26 April 2009

Viterbi search, minimum Bayes risk and laplacian eigenmaps

I've been slow at posting because I wanted to post on this current topic for a while, but wanted to work out some more details before doing so. Well, it didn't happen. So I'm writing sans details.

Let's think for a minute about non-linear dimensionality reduction, aka manifold learning. If we compare what, say, ISOMAP does with what laplacian eigenmaps (LE) does, they're really quite similar. In both cases, we construct a graph over our data points, usually a kNN graph or something, sometimes with edge weights, sometimes not. We then attempt to embed the points in a low dimensional space to minimize some sort of distortion. In ISOMAP, the distortion is based on the shortest path distance between the two points in our constructed graph. In LE, the distance is measures according to the Laplacian of the graph. The notion of a Laplacian of a graph is basically a discrete version of the more standard notion of the differential operator by the same name (that comes up in most standard analysis courses). In continuous land, it is the divergence of the differential, which essentially means that measures some form of diffusion (and has its original applications in physics). In discrete land, where we live, it can be thought of as a measure of flow on a graph.

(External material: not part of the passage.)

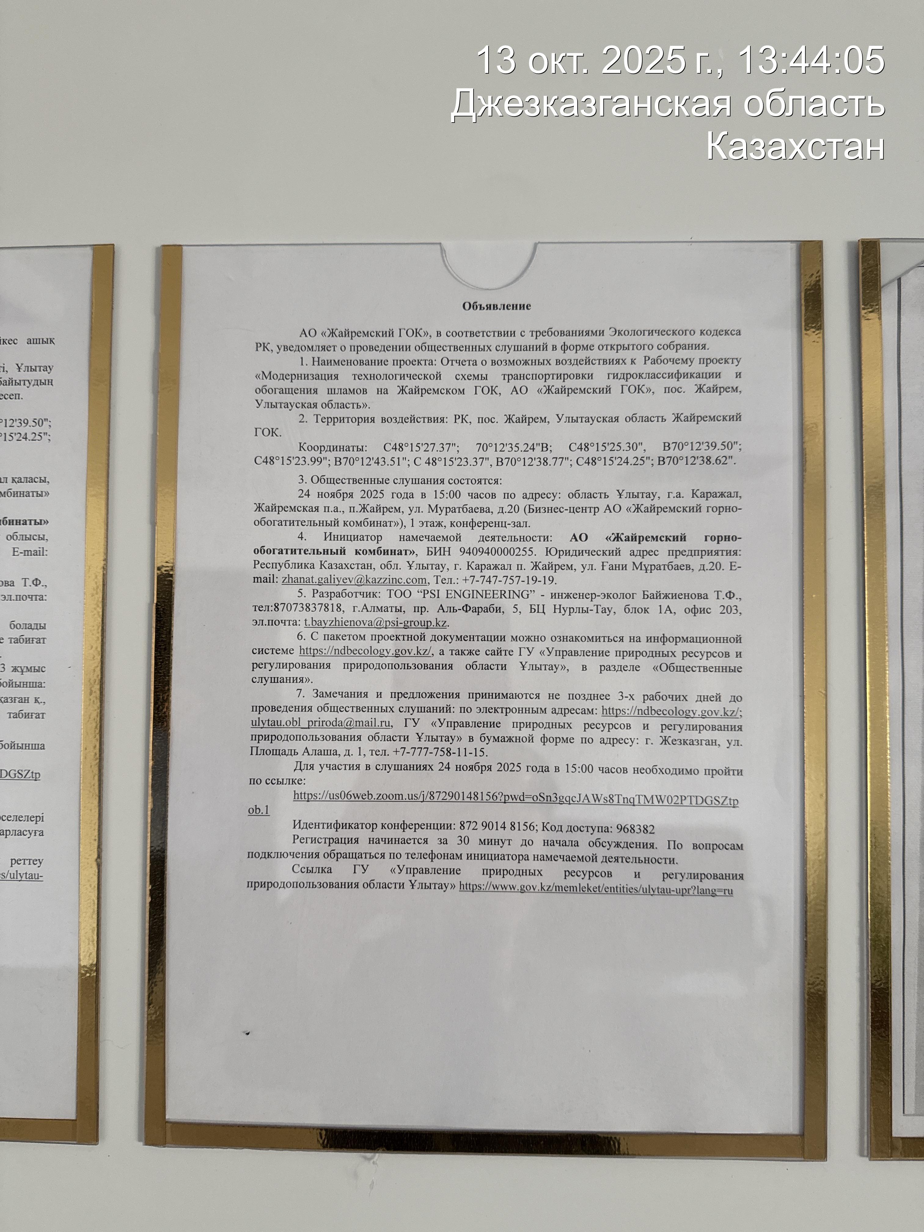 1.4. Описание для подключения к онлайн трансляции при прохождении общественного слушания: в соответствии с пп.4, п.11 прил. 3 Правил, информация о проведении общественных слушаний должна быть распространена на государственном и русском языках на досках объявлений местных исполнительных органов административно-территориальных единиц и в местах, специально предназначенных для размещения объявлений. В связи с чем необходимо дополнительно разместить печатные объявления на досках объявлений в акимате и в местах, специально предназначенных для размещения объявлений.

The key difference, then, between ISOMAP and LE is whether you measure distances according to shortest path or to flow, which has a very "average path" feel to it. The advantage to LE is that it tends to be less susceptible to noise, which is easy to understand when viewed this way.

Now, getting back to NLP stuff, we often find ourselves doing some sort of shortest path search. It's well known that the much loved Viterbi algorithm is exactly an application of dynamic programming to search in the lattice defined by an HMM. This extends in well known ways to other structures. Of course, Viterbi search isn't the only game in town. There are two other popular approaches to "decoding" in HMMs. One is marginal decoding, where we individually maximize the probability of each node. The other is minimum Bayes risk decoding. Here, we take a user-supplied risk (aka loss) function and try to find the output that minimizes the expected risk, where the probabilities are given by our current model. MBR has been shown to outperform Viterbi in many applications (speech, MT, tagging, etc.). If your risk (loss) function is 0/1 loss, then these recover the same solution.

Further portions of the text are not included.